Можно и отшутиться или сказать: «Революцию делаем», — вот и все. Вначале Вавила так и хотел сказать, но неожиданно изменил намерение. Отложив надкушенный огурец, стал подробно рассказывать о хождении по селам, о выступлениях на митингах, о ячейках большевистски настроенных крестьян, что удается оставить в селах после себя.
— В деревнях нам ночевать нельзя. Иван Иванович не остерегся, пришел на прииск средь белого дня, а к ночи исчез, и куда его увезли, не знает никто. На словах у нас будто свобода.
И вспомнилась Ксюше пасека Саввы. «Николашку будто спихнули, слыхал, — рассказывал Савва, — а свободы вот не видал. Врать не буду».
Рассказывал Вавила и следил за каждым Ксюшиным жестом, за каждым движением ее губ и бровей. «Была ты нашей помощницей, другом, когда в шахте Михея убило. Хозяйкой прииска, пыталась не то заигрывать с нами, не то и вправду дружить. Мы в деревне за каждого человека бьемся, и кто тебя знает, может быть, снова станешь помощницей? Узнать бы подробнее, почему сбежала с Сысоем? Почему ушла от него?

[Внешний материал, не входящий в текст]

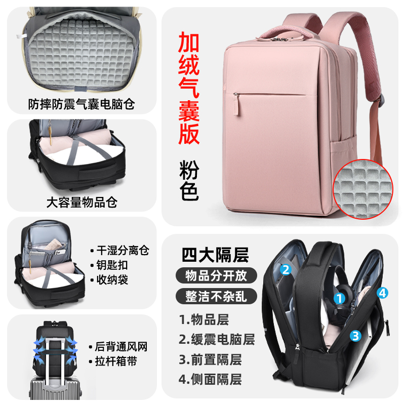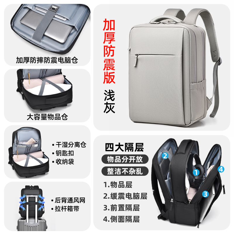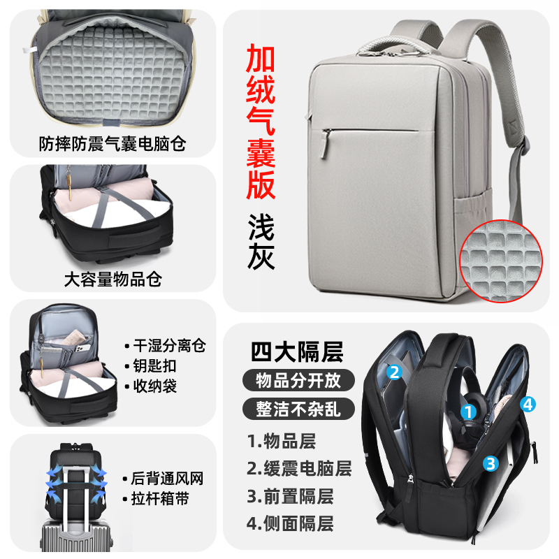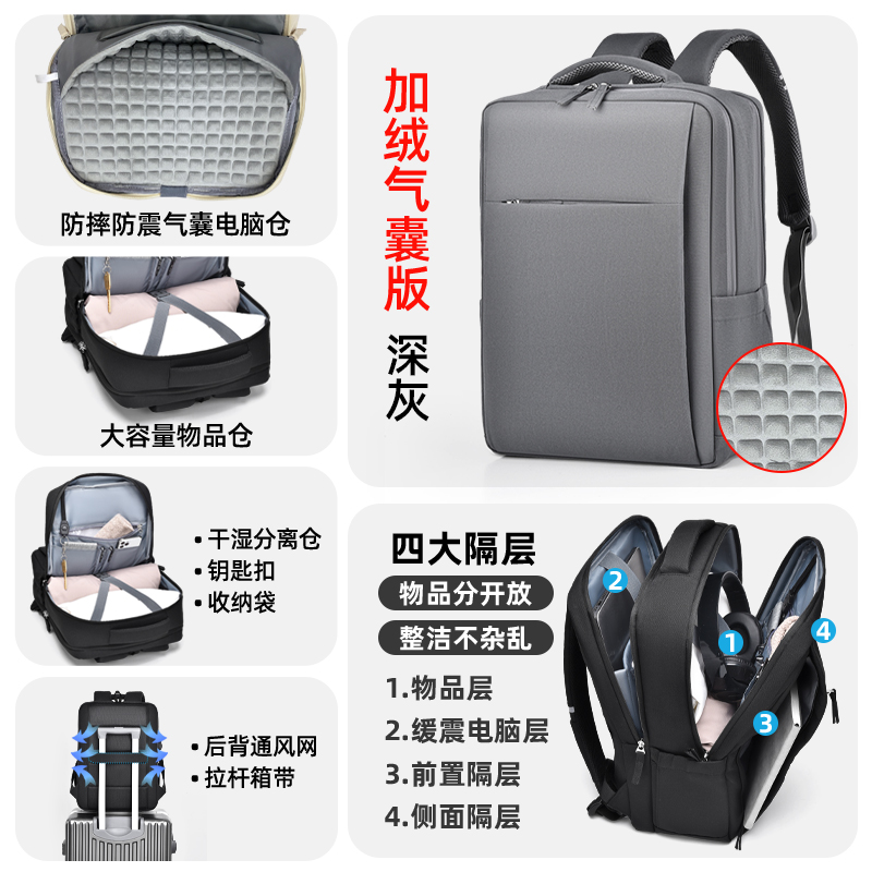 • 다크그레이-4층창고-360 ° 벨벳 에어백 [SBS 지퍼 + 건식 및 습식 분리 + 후면 환기망 + 이중 물컵 수납공간]
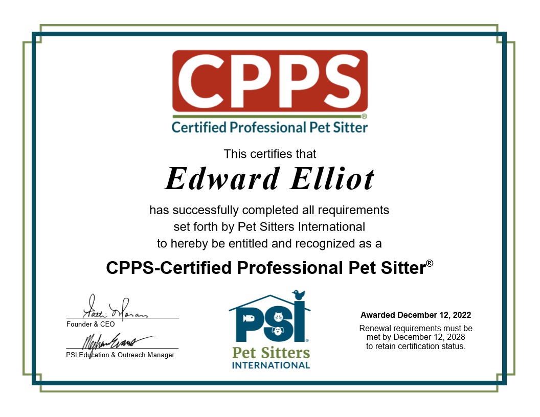 We are proud to be the only Certified Professional Pet Sitter (CPPS) recognized by Pet Sitters International (PSI) within a 50+ mile radius of Hershey, PA—a distinction that reflects our commitment to the highest standards in the pet care industry. In addition, our credentials include PSI Pet First Aid and CPR Certified, USDA Certification for Pet Transportation, and FEMA Certification for Animal Care During Disasters, among other advanced trainings. These qualifications allow us to confidently and safely care for pets in both routine and emergency situations.

Но лучше пока не касаться убега».
— Так вот, Ксюша, работаем на революцию и ищем по селам товарищей. Ты на прииске, когда забастовка была, нам иногда помогала…
— А как же! Только я в толк не возьму: был царь — ты против царя шел. Сбросили царя — и настала свобода, как сказывает Борис Лукич, народная власть. Зачем же тебе еще революция? Эх, есть захотелось… Отломи мне, дядя Егор, еще калача да огурчика дай.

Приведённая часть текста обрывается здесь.